───── Available data

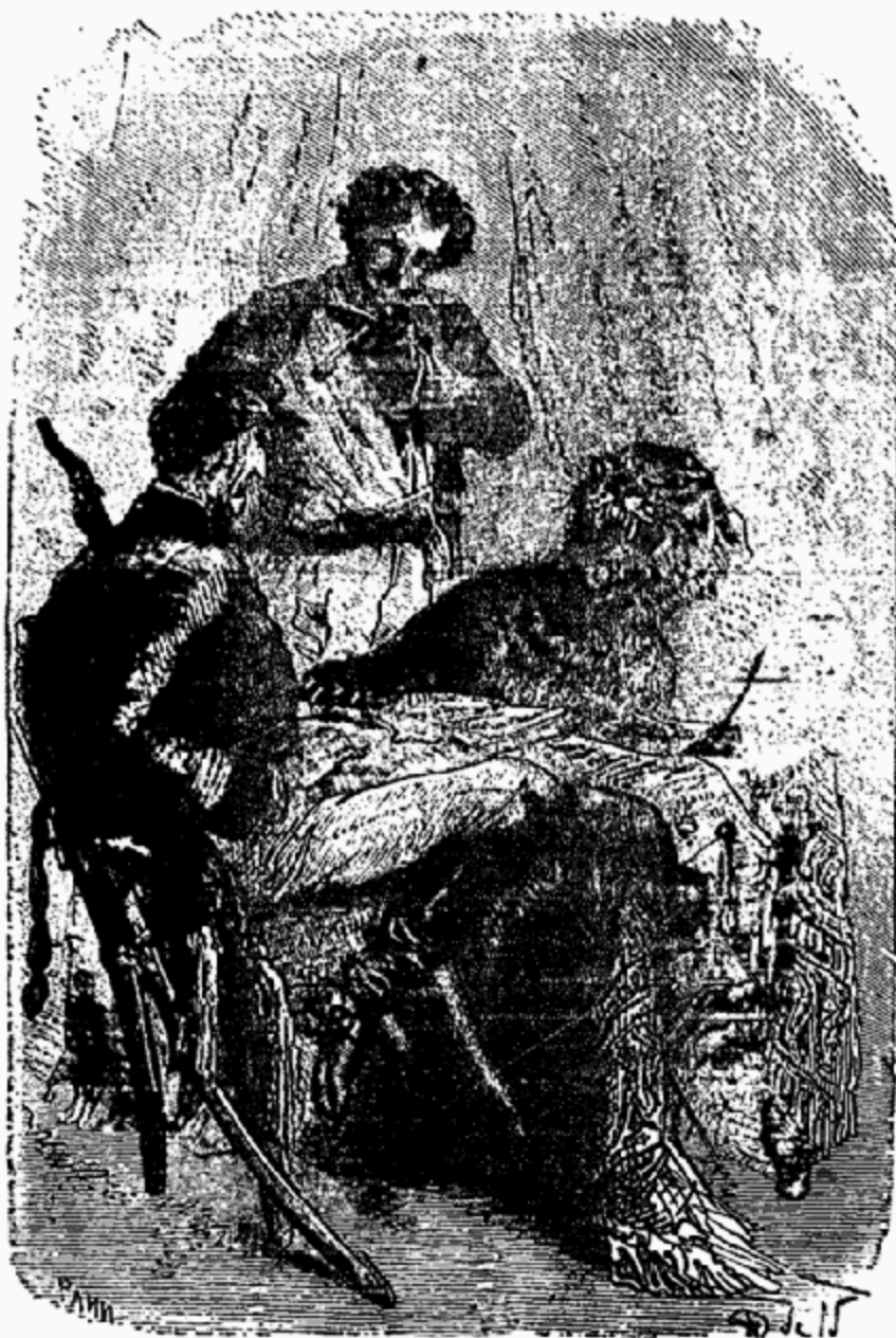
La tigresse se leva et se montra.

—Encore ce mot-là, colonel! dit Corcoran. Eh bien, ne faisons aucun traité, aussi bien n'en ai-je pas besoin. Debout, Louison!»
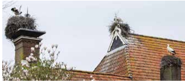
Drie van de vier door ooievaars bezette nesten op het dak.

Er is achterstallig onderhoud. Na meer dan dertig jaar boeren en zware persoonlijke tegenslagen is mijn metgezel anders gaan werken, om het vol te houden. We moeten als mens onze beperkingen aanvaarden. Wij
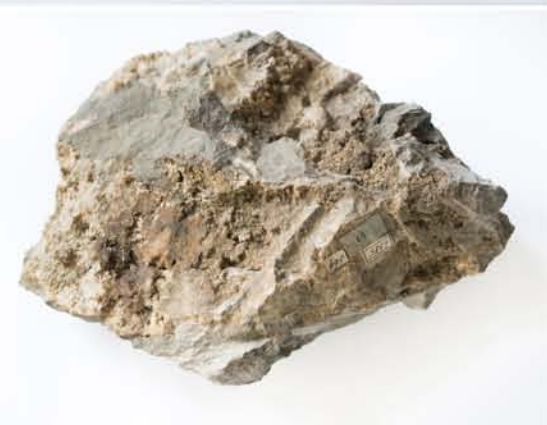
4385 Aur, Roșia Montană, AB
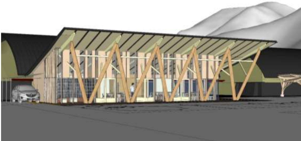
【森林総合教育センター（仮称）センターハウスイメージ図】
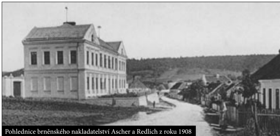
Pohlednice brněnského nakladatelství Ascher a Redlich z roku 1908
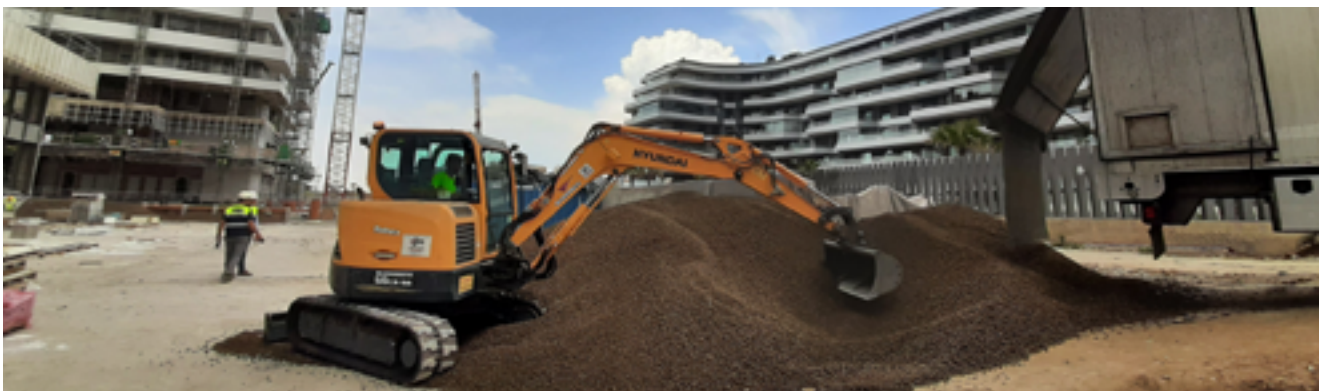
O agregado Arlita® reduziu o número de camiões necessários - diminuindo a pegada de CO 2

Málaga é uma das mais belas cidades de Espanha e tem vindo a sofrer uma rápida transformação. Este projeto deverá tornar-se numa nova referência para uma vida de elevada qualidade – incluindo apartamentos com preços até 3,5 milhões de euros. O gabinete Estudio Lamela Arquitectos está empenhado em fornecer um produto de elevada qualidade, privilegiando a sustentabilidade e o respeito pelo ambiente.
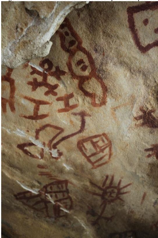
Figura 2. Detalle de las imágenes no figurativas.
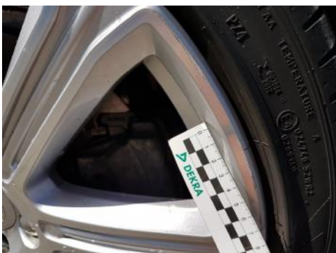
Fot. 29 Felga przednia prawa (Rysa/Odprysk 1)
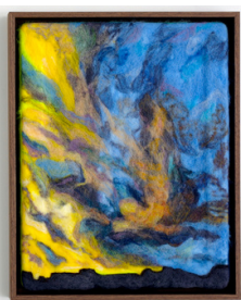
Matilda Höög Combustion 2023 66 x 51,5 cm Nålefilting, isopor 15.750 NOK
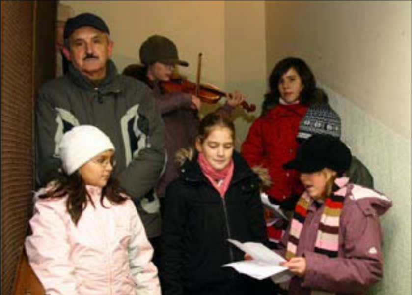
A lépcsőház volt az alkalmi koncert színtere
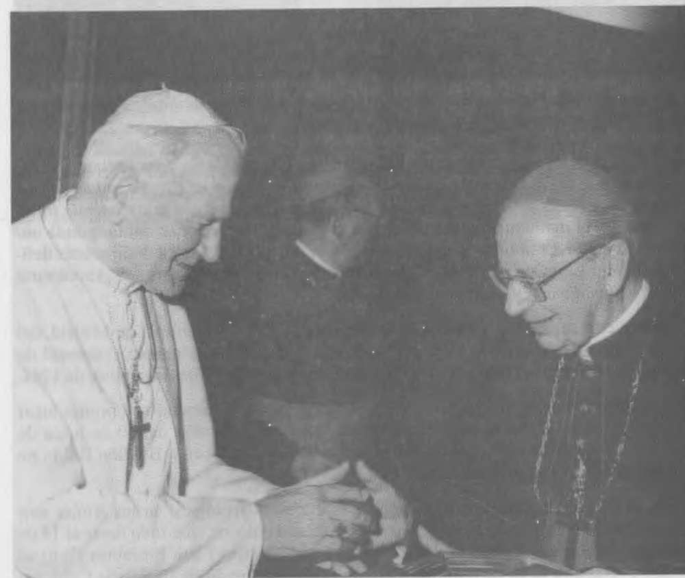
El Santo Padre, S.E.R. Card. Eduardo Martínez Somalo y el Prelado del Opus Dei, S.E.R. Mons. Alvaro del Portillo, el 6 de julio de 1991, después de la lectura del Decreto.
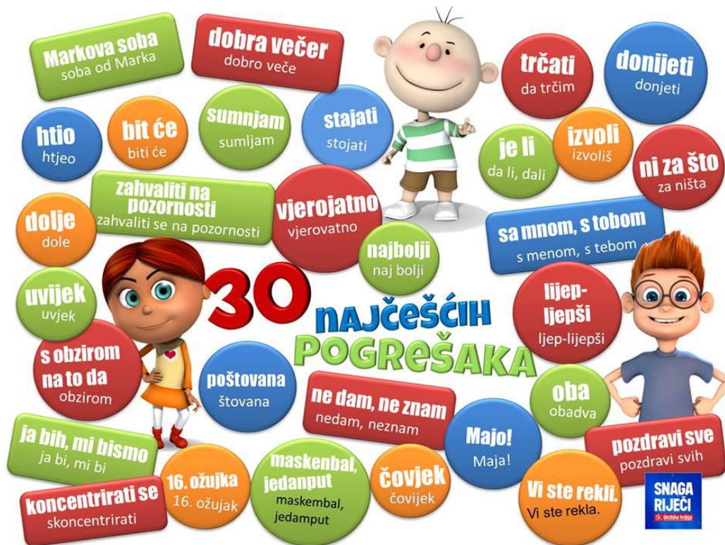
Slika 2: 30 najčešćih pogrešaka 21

──────────

§ Work item:
Exactly the lines from the one that contains "A lépcsőház volt az alkalmi koncert színtere" through the last line of the records should be set down, and the pictures should be dropped.

§ Answer to this task:
A lépcsőház volt az alkalmi koncert színtere
El Santo Padre, S.E.R. Card. Eduardo Martínez Somalo y el Prelado del Opus Dei, S.E.R. Mons. Alvaro del Portillo, el 6 de julio de 1991, después de la lectura del Decreto.
Slika 2: 30 najčešćih pogrešaka 21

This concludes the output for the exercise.